Following standard arguments of thermodynamics, we obtain the definition of the equilibrium Kirchhoff stress,

$$ \boldsymbol{\tau }^{\mathrm{eq}} = 2 \frac{\partial \psi ^{\mathrm{eq}}}{\partial \mathbf{b}} \cdot \mathbf{b}= \sum _{\mathrm{a=1}}^{3} \frac{\partial \psi ^{\mathrm{eq}}}{\partial \lambda _{\mathrm{a}}}\lambda _{ \mathrm{a}} \mathbf{n}_{\mathrm{a}} \otimes \mathbf{n}_{\mathrm{a}} \,, $$
(13)

the definition of the non-equilibrium Kirchhoff stresses,

$$ \boldsymbol{\tau }_{i} = 2 \frac{\partial \psi _{i}}{\partial \mathbf{b}^{\mathrm{e}}_{i}} \cdot \mathbf{b}^{\mathrm{e}}_{i} = \sum _{\mathrm{a=1}}^{3} \frac{\partial \psi _{i}}{\partial \lambda _{i\, \mathrm{a}}^{\mathrm{e}}} \lambda _{i\, \mathrm{a}}^{\mathrm{e}} \mathbf{n}_{i\, \mathrm{a}}^{\mathrm{e}} \otimes \mathbf{n}_{i\, \mathrm{a}}^{\mathrm{e}} \,, $$
(14)

and the reduced dissipation inequalities for each individual mode \(i\),

$$ \mathcal{D}^{\mathrm{red}}_{i} =- \boldsymbol{\tau }_{i} : \mbox{$\frac{1}{2}$} \, [{\mathscr{L}}_{v} \mathbf{b}^{\mathrm{e}}_{i} \cdot (\mathbf{b}^{\mathrm{e}}_{i})^{-1}] \ge 0 \,. $$
(15)

It remains to specify the equilibrium and non-equilibrium parts of the free energy, \(\psi ^{\mathrm{eq}}\) and \(\psi ^{\mathrm{neq}}\) (Sect. 2.3.1), and the evolution of the internal variables \(\mathbf{b}_{i}^{\mathrm{e}}\) (Sect. 2.3.2), based on the insights into the microstructural origin of brain viscoelasticity gained in Sect. 2.2.

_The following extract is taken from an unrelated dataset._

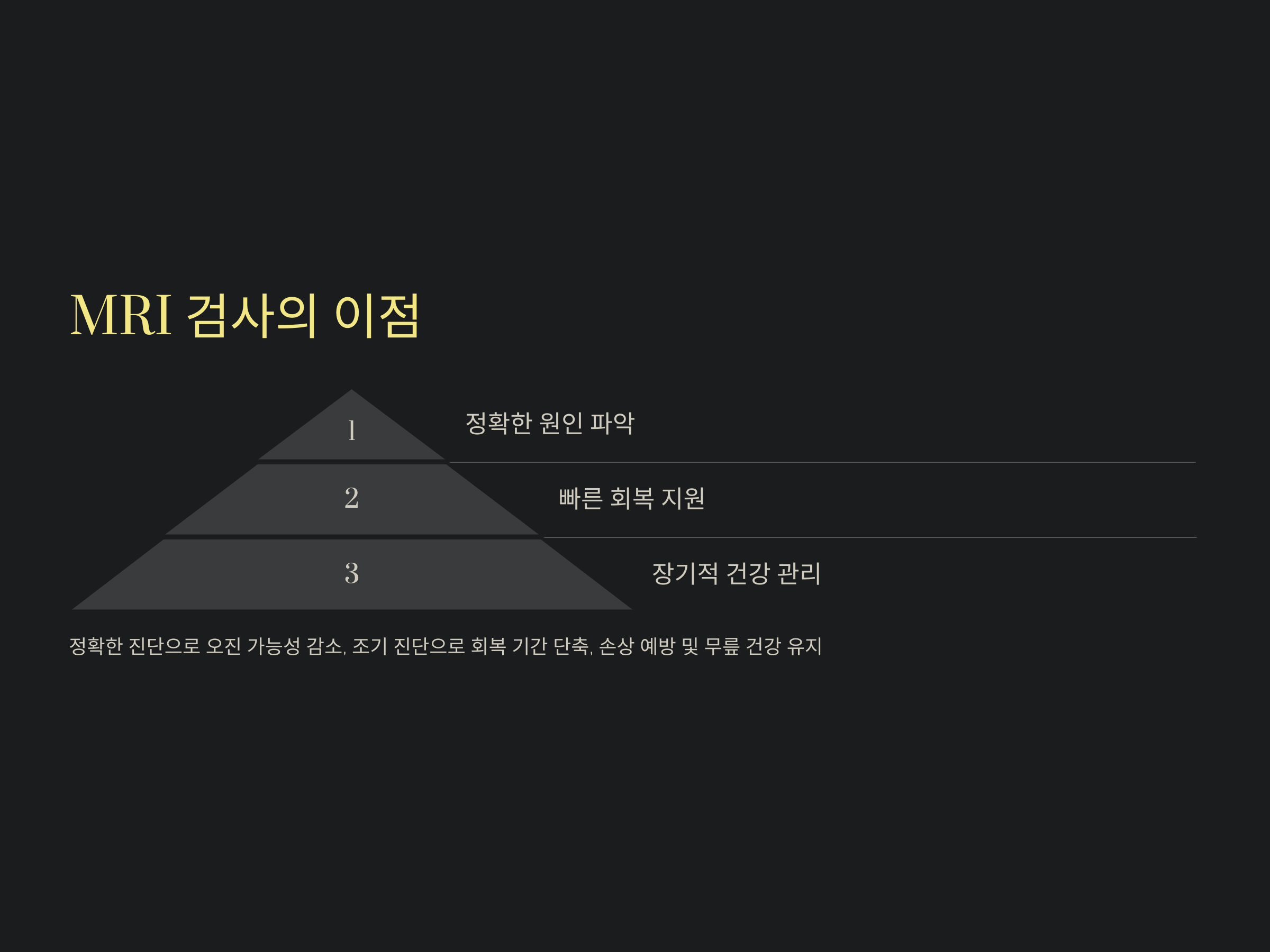 MRI 검사는 정확한 진단으로 치료와 회복을 돕는 중요한 도구입니다. 이를 통해 다음과 같은 이점을 얻을 수 있습니다.

2.3.1 Microstructure-Informed Hyperelastic Constitutive Models

We have previously shown that the hyperelastic behavior of brain tissue under multiple loading modes is best represented by the one-term Ogden model [40] with the strain energy function \(\psi =2\mu /\alpha ^{2}[\lambda _{1}^{\alpha }+\lambda _{2}^{\alpha }+ \lambda _{3}^{\alpha }-3]\), which we have reformulated in terms of the classical shear modulus \(\mu \) and the nonlinearity parameter \(\alpha \) here [12, 13]. In addition, we have found that both the initial shear modulus and the nonlinearity parameter correlate linearly with the density of cell nuclei in the fully developed human brain. This has motivated us to introduce these two parameters as a linear function of the cell density \(\rho _{{\mathrm{c}}}\) [16]. We have demonstrated that this microstructure-informed hyperelastic model is capable of simultaneously predicting the response of brain tissue from different regions, the corona radiata, cortex, corpus callosum, and basal ganglia, with a single set of model parameters.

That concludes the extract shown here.